| ACTIVITY |
What you return should be only the lines in the entries below between the one holding "お背中に大きなリボンを取り付けられるウェディングドレス🎀" and the one holding "Week ’23 summer」を開催いたします。", ends included, with every picture left out.

| SOURCE DATA |
⁂
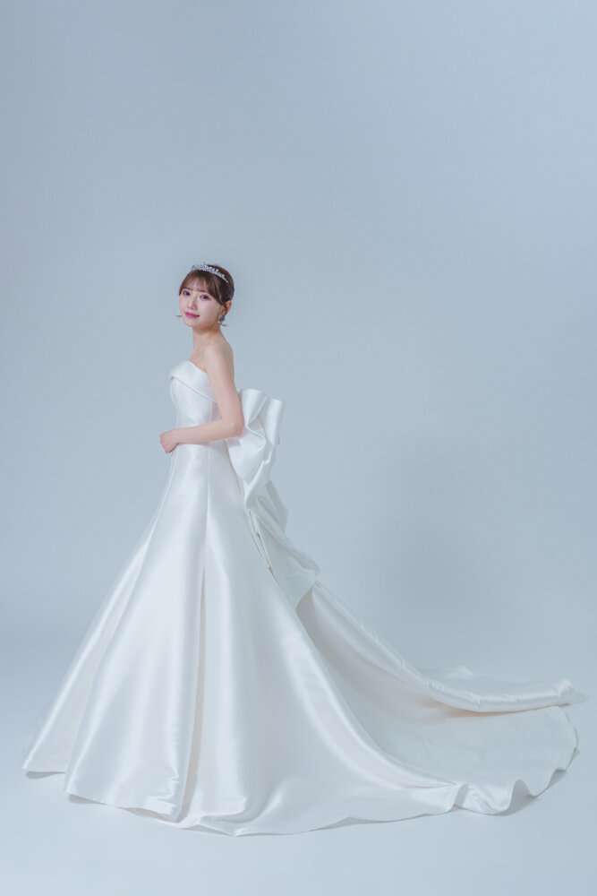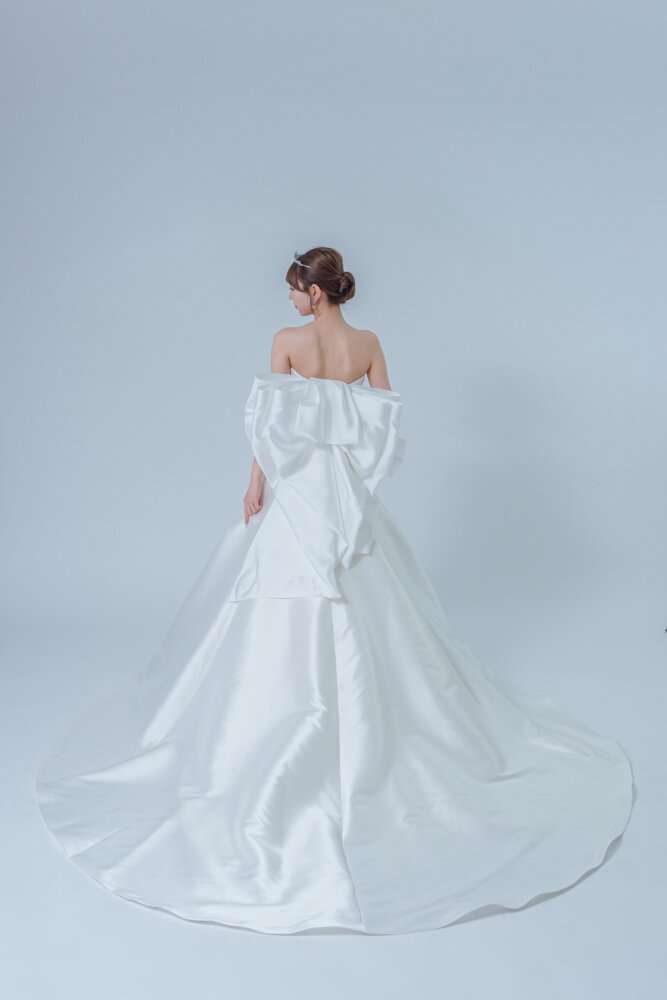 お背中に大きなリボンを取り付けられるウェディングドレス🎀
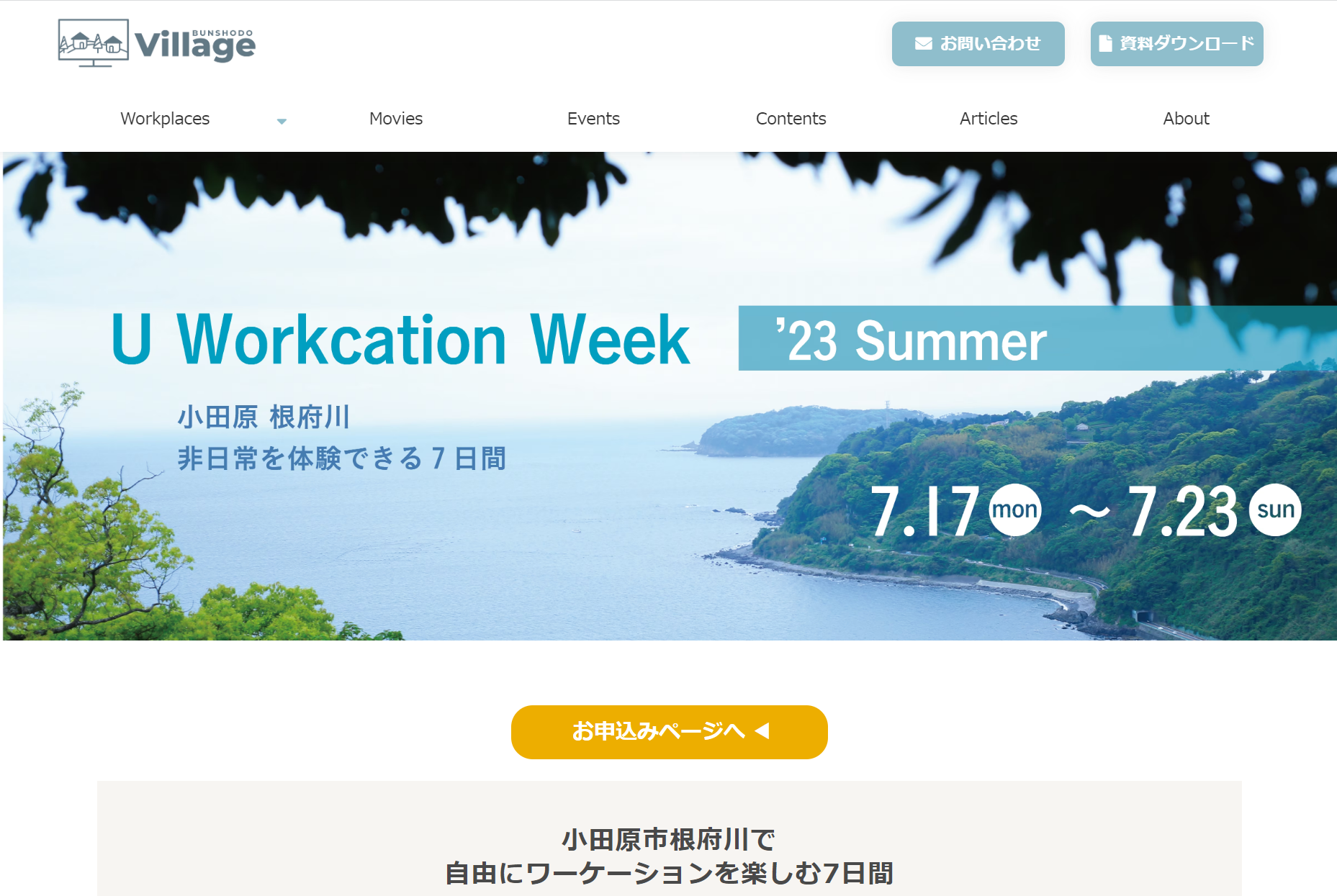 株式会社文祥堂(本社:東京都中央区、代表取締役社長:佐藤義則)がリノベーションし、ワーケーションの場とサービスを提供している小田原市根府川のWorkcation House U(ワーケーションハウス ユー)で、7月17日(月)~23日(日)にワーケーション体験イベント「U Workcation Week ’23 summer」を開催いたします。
⁂
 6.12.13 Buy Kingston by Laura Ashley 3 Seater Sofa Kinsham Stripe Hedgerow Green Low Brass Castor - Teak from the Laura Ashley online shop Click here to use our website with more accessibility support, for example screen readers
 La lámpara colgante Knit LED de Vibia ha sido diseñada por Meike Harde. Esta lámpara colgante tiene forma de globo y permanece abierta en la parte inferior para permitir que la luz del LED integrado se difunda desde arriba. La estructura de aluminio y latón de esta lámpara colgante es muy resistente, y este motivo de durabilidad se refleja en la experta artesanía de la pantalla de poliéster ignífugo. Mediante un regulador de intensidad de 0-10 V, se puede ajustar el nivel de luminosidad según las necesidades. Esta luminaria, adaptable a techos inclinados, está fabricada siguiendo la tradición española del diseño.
⁂
| EXERCISE RESPONSE |
 お背中に大きなリボンを取り付けられるウェディングドレス🎀
 株式会社文祥堂(本社:東京都中央区、代表取締役社長:佐藤義則)がリノベーションし、ワーケーションの場とサービスを提供している小田原市根府川のWorkcation House U(ワーケーションハウス ユー)で、7月17日(月)~23日(日)にワーケーション体験イベント「U Workcation Week ’23 summer」を開催いたします。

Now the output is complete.